Rajiv Grover, consultant plastic surgeon and president of the British Association of Aesthetic Plastic Surgeons (BAAPS), said: "Whilst we're pleased there is to be a clampdown on time-linked incentives that place undue pressure on the public, we continue to call for an outright ban on all advertising of medical procedures.
"People considering cosmetic surgery have a lot to think about: possible risks, their own expectations, the qualifications of the provider, recovery - whether there's a Christmas sale, a two-for-one if they book by Friday... should never play a part in a sensible decision-making process."
Vicky Ashton, who had PIP implants and is part of a campaign group for those women affected, told BBC News changes in the industry were not coming "far enough fast enough".
"What is taking the government so long and why on earth are they just piloting this scheme? It should have been rolled out months and months ago, and everybody should be forced to take part in it."
She added: "My main concern is this is great going forward, but what about the women that are affected now - what [is the government] doing for them?"

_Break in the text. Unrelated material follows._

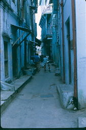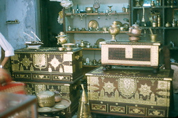 In Zanzibar the streets became very narrow towards the city center. Among other things, the shops on these narrow streets carried the famous and beautiful mahogany and brass Zanzibar chests that can be seen in the photographs below.

Mr Simon Withey, a consultant plastic surgeon and part of the panel which reviewed the industry, told the BBC: "The rhetoric is it's a cowboy industry. It's not. Most surgeons are excellent, but it doesn't take many poor ones to wreak havoc."
He said a breast implant register was "exactly the right thing to do".
"It acts as an early warning system of product failure which would have been helpful in PIP and it is now critical that if there are any product failures in the future that we can track patients as quickly as possible."